Under transfer rules Threet was required to sit out the 2009 season, but had two years of eligibility remaining.

In March 2010 Threet started for the first unit in Arizona State's spring game, though head coach, Dennis Erickson, said that that was only because Threet won a coin flip. At the time, Threet said, "I'm very excited, but I'm just a competitive person. Anytime I go out to practice, I'm trying to compete with whoever I'm playing against whether its last year on the scout team or this year trying to win the starting job."

Throughout August 2010 Threet was in close competition with Brock Osweiler for the starting quarterback position. In an interview with The Arizona Republic, head coach Dennis Erickson also praised Threet's progression: "Every quarterback I've been around it just takes awhile to get used to what you're hanging your hat on and what we're doing offensively. He's got a quick release, and he has a hell of an arm. He just needs to continue to get more accurate."

On August 30, 2010, Erickson announced that Threet would be the starting quarterback in the Sun Devils opening game against Portland State, saying that Threet "was the most consistent throughout fall camp."

In the season opener for Arizona State, Threet completed 14 of 21 passes for 239 yards and two touchdowns in a 54–9 win over Portland State. He also ran with the ball three times for 24 yards and garnered a passer rating of 184.17. His 239 passing yards were the most ever in a debut performance by an Arizona State quarterback.
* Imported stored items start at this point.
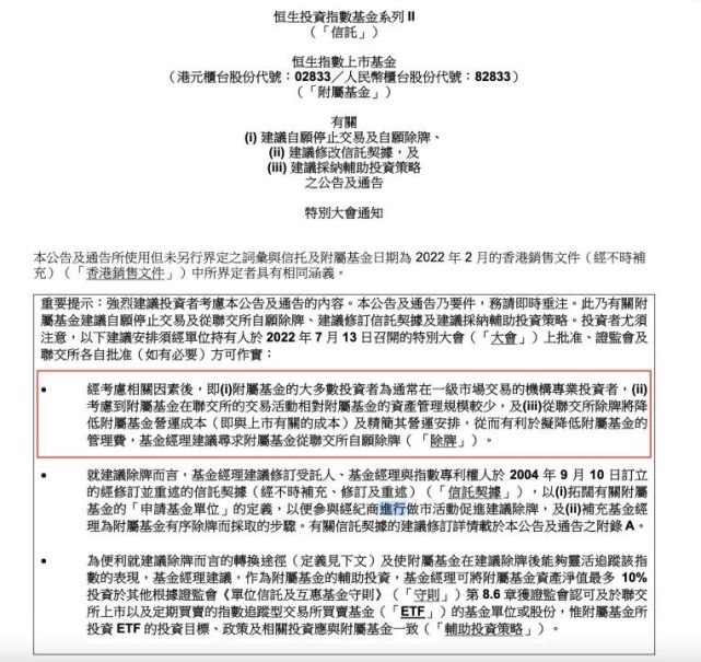 中国基金报记者 叶诗婕 香港首个、也是规模最大的生意业务所交易基金(ETF)盈富基金又有大动作! 盈富基金8月19日晚间公布,9月19日不但将转换基金管理人,还将增设人民币生意业务柜台。这意味着,该ETF将可举行双币交易。 (泉源:盈富基金公告) 增设人民币柜台 可双币生意业务 盈富基金公布,自9月19日起,该ETF司理人将由道富环球投资管理亚洲有限公司(SSGAAL)转换为恒生投资管理有限公司;恒生投资将于转换管理人收效同日,为盈富基金的二级市场引入人民币生意业务柜台,生意业务代码为82800,中文简称为“盈富基金-R”。 在新增人民币柜台方面,公告还指出,盈富基金人民币交易基金单位的每手交易单位同样为500个基金单位,双币柜台安排将答应基金单位持有人将基金单位从人民币柜台转换至港元柜台,但每名基金单位持有人只会以港元收取股息。 盈富基金还表现,引进人民币柜台后,现有一级市场运作稳定,全部实物增设或赎回继承以港元结算。人民币柜台只用于二级市场生意业务及结算,可与盈富为港元交易基金单位发行的现有实物根据交换。 盈富基金同时也提示投资者,港元及人民币交易基金单位于联交所的市场代价,大概视乎市场活动性、各个柜台的供求,以及港元与人民币的汇率等因素而出现庞大差别。 别的,盈富基金更换管理人后,美国道富银行会继负继承盈富基金信托人。 下调新司理人及信托人费用 在增设人民币生意业务柜台的同时,盈富基金公告还提到,转换司理人产生的本钱及开支,包罗法律费用及行政开支等,将由恒生投资负担,或由信托人、新司理人及现任司理人尚有协定,盈富基金不会负担有关本钱及开支。 而自转换司理人收效日起,盈富的管理费及信托人费用将会下调,设有分级费率表。 最新每年管理费,资产净值首150亿港元为0.045%、厥后150亿港元为0.03%、再厥后150亿为0.02%,别的部分为0.015%。新收费表下,盈富基金每年信托费和管理费收费基准类似。 (泉源:中国基金报记者根据盈富公告整理) 停止8月19日收盘,盈富基金最新资产净值约为1114.46亿港元。参考最新收费程度,恒生投资、道富银行作为司理人和信托人,每年可分别收取约超2400万港元。 据本年3月盈富基金发布的公告,恒生投资上台后,盈富基金首3年实质管理费减31%至0.022%,第4年起减至0.019%,即现在6成程度。而盈富基金整年开支比率,有望由0.1%减至0.08%程度。 参考盈富基金2021年年报,盈富基金该年付出约3200万港元管理人费、3200万港元信托人费,另付出指数特许权费1464万港元。 (泉源:盈富基金2021年年报) 恒指ETF将除牌 可安排投资者转持盈富基金 恒生投资8月15日公布,恒生ETF将于本年9月13日除牌,基金末了生意业务日为9月2日,现在持有恒生ETF的投资者,可选择将其持有的全部基金单位转换为盈富基金。 投资者可在9月7日前申请,该转换将于9月9日生意业务时段后收效。 (泉源:恒生投资公告) 恒生投资称,思量到其管理的恒生ETF大多数投资者为在一级市场生意业务的机构专业投资者,基金在联交所的生意业务活动相对资产管理规模较少,以及除牌将低落基金营运本钱及精简营运安排,从而有利低落基金的管理费,发起恒生ETF志愿除牌。 停止8月19日收盘,恒指ETF的资产规模为近400亿港元。 恒生投资管理有限公司董事兼行政总裁李佩珊表现,在履任盈富基金司理人后,恒生投资将致力为直接或透过强积金投资于盈富基金的投资者创优增值,冀让盈富基金保持作为香港人操持抱负生存的告急投资选择之一外,亦支持香港ETF市场继遭受益于一连增长的需求。 更换管理人风波 盈富基金对香港有深层意义,可以说是“为香港人而设的基金”。 盈富基金诞生于1998年亚洲金融风暴期间。香港特区政府为救市,在十个生意业务日内于公开市场以1180亿港元买入33种恒指成份股,以稳固接洽汇率。1998年10月,香港特区政府建立了外汇基金投资有限公司,其功能之一为就该投资组合以一个有秩序的方式沽售提供意见。终极,特区政府选择了一个对股票市场造成最少影响的中性方案。 1999年11月,港府把购买的港股以盈富基金上市,以ETF为结构,分批售回市场,也开启了香港特区的ETF市场,并约请ETF管理履历丰富的道富环球(State Street)作为管理人至今。 当时,盈富基金以 333 亿港元(约莫 43 亿美元)的规模发行,为当时亚洲(日本除外)最大型的初次公开发售。 2020年初,时任美国总统特朗普签下行政下令,克制美国人投资裁制实体名单上的公司,继而令身为美资的司理人性富环球决定,不再对名单的股份举行新投资,受影响包罗蓝筹股中移动、中海油及联通,有关决定与盈富紧贴恒生指数的原意相违,并引起巨大反响。 道富相隔数天即“调停”并更改决定,规复投资受裁制股份,但克制美国人加入盈富基金。结果盈富基金监视委员会于本年5月公布,将司理人由美资的道富环球换成港资的恒生投资。 (泉源:盈富基金公告) 编辑:乔伊 |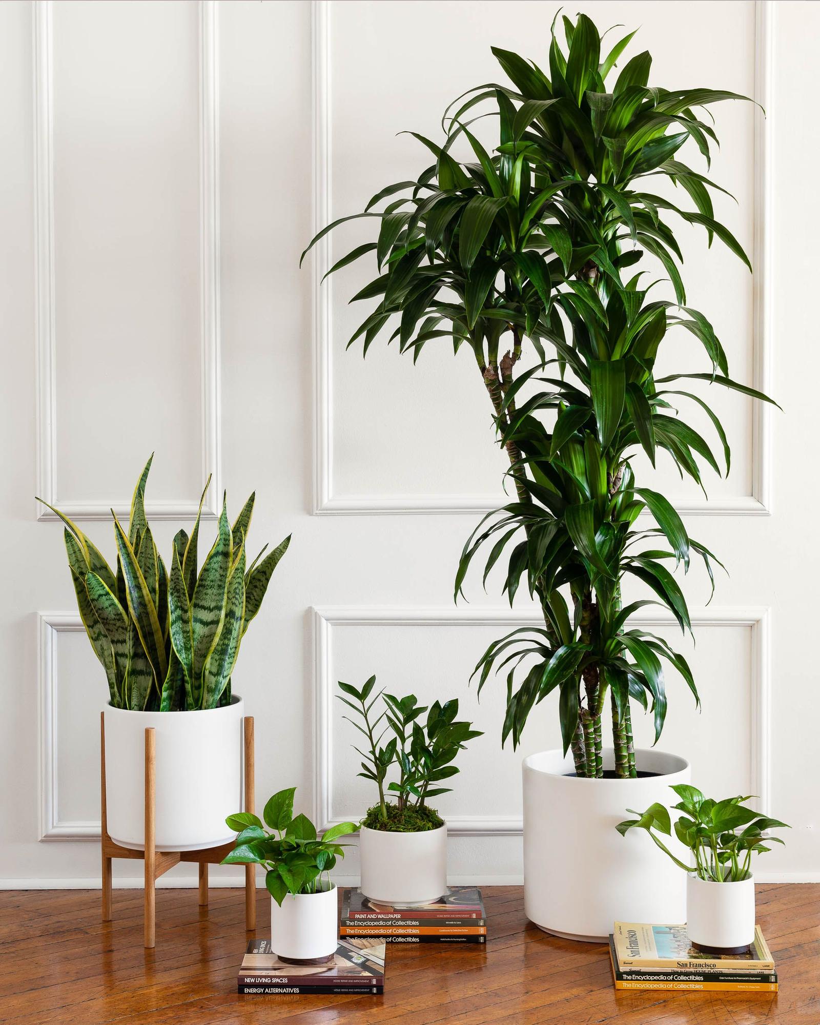 Includes five statement and accent plants paired with white Mid-Century ceramics and hand-finished hardwood accents.
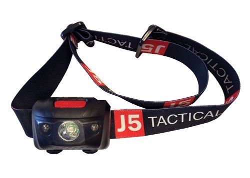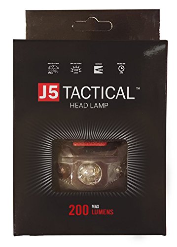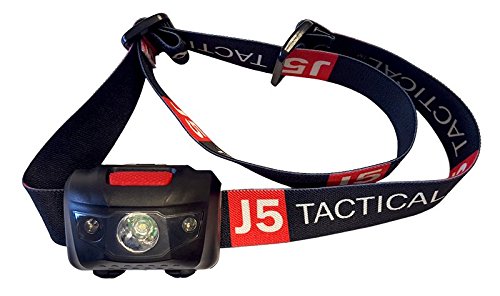 J5 Tactical LED Headlamp Flashlight with Red Lights for Tracking or Reading - Outdoor Running, Camping, Backpacking, Fishing, Hunting, Climbing, Walking, Jogging - Water Resistant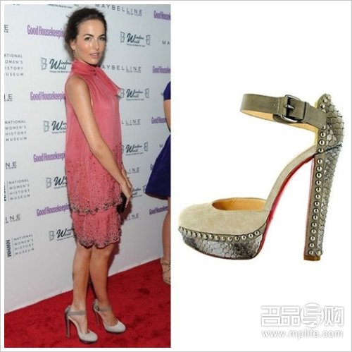 Camilla Belle穿着Christian Louboutin “Luxura” 铆钉红底鞋。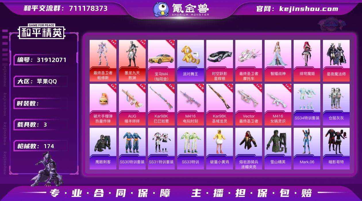苹果Q 不可二次 2红装2稀有3载具4粉装8特效枪9热门120套装174枪皮 61482热力值 8印记 历史传奇王牌12星 【2红装】 最终圣卫者-帕修斯 (1级) 墨龙九天-敖渊 (1级) 【2稀有】 派对舞王 派对舞王(金靴子) 【3载具】 宝马M4(灿阳金) (3级) 时空跃影(星辉银) 最终圣卫者摩托车 【4粉装】 奇迹舞步美雪 绯穹魔姬 智耀战神 星夜魔法师 【8特效枪】 M416-电玩时刻 (5级) M416-女娲灵识 (3级) Kar98K-圣域龙灵 (3级) Kar98K-巳巳如意 (5级) Vector-最终圣卫者 (3级) AUG-暖羊咩咩 (5级) Mk14-福马献瑞 (5级) 破片手榴弹-热量炸弹 (7级) 【9热门】 Mark.06 2B战斗服款 仓鼠灰灰 雪山精英 鹰眼刺客 TT战队服 暗影哥特 漫步者 破蛋小黄鸡 和平精英账号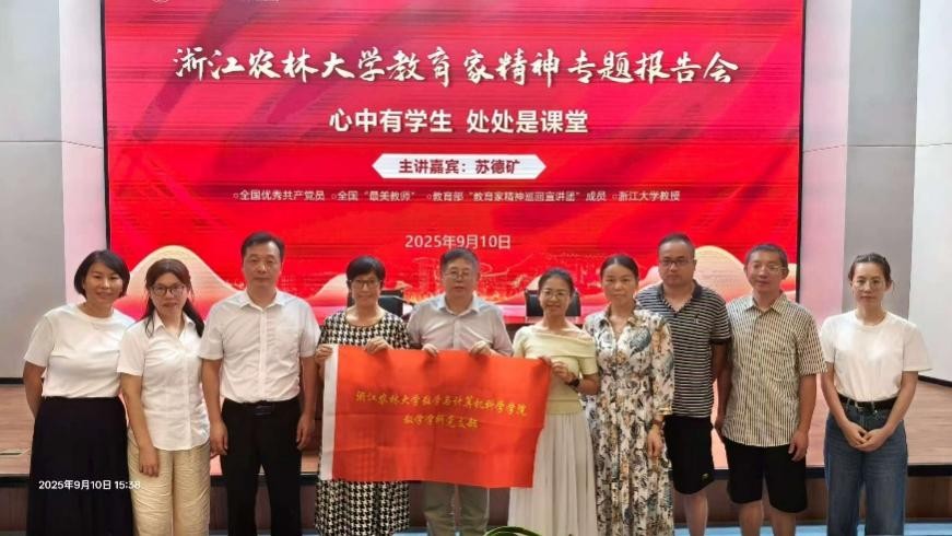 为深入学习贯彻习近平总书记关于教育的重要论述和全国教育大会精神,大力弘扬教育家精神,提升学科教师的师德师风素养,9月10日下午,数学学科党支部组织教师参加学校教育家精神专题报告会,一起倾听全国优秀共产党员、全国“最美教师”、教育部“教育家精神巡回宣讲团”成员、浙江大学数学科学学院苏德矿教授题为“心中有学生,处处是课堂”的专题报告。

In the second game of the 2010 season, Threet set career highs with 33 completions and 391 passing yards in a 41–20 win over Northern Arizona. He also threw three touchdown passes and two interceptions and completed passes to eight different receivers.

The next few games had their ups and downs for Threet, a close 20–19 loss at Camp Randall Stadium in Madison, started a downward spiral for the Sun Devils in 2010. In this game Threet went 21 of 33 for 211 yards.

Threet finished the 2010 season with 2,553 passing yards, 18 touchdowns and 16 interceptions.

On February 23, 2011, Threet announced his retirement from football due to repeated concussions.

==Coaching career==
After Threet finished his playing career, he became a student assistant for Arizona State.